Owning a Porsche doesn’t make you an expert on the track. You can buy the top-end 911, take it the Nurburgring or Laguna Seca, step on the gas, and end up with one very expensive repair bill.
Driving a performance vehicle at its full potential requires a level of skill that the average driver doesn’t possess. It shouldn’t need to be said, but making the purchase doesn’t make you an expert.
The same applies to performance trucks. Drivers are learning the hard way that the advertised off-road sprints and dramatic jumps aren’t for trying at home.
A video is making the rounds of a Ford F-150 Raptor speeding toward a jump then launching into the air before coming to a carnage-filled stop. If you choose to watch it, be aware of some language.
Raptors can indeed jump, but they need to jump when piloted by a professional driver at prescribed speeds on known jumps. When amateurs drive these trucks at high speeds over rough terrain, even without jumping, they sometimes wind up with bent frames. When they jump one of these trucks, a bent frame is the least of their worries.

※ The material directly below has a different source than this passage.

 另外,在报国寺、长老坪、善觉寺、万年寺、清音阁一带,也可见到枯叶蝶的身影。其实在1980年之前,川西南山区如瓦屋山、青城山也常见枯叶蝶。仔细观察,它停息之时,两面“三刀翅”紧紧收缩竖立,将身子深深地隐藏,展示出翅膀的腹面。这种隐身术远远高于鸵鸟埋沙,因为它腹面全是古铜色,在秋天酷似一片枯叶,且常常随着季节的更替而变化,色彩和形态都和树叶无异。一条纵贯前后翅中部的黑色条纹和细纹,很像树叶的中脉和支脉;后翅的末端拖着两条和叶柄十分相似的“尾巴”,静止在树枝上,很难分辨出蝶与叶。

It’s pretty clear from the video that the driver hit the jump way too fast and overshot the landing by a mile and a half. There’s not a stock $50,000 truck in the world that could handle a jump like that.

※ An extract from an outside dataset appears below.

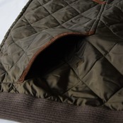 ハンティングベストをモチーフとしたデザインでスエードのショルダーパッドや背面のゲームポケットが特徴。

The bent frame problems on these trucks were caused by simple physics: When a combination of speed and terrain push a Raptor’s suspension past its travel capability, the frame will bend to prevent the rear of the truck from bouncing into the air in a dangerous “donkey kick” situation.
Most of those problems happened in 2011, when the Raptor was still relatively new on the market. In 2013 Ford doubled the thickness of the Raptor’s rear frame and drivers have, mostly, mastered the learning curve of how to operate the truck and know what speeds it can safely handle off-road.
Occasionally, though, there will be a driver like the one in the video who thinks Raptors can defy the laws of physics.
They can’t.
Have you ever pushed a car past its limits? What happened?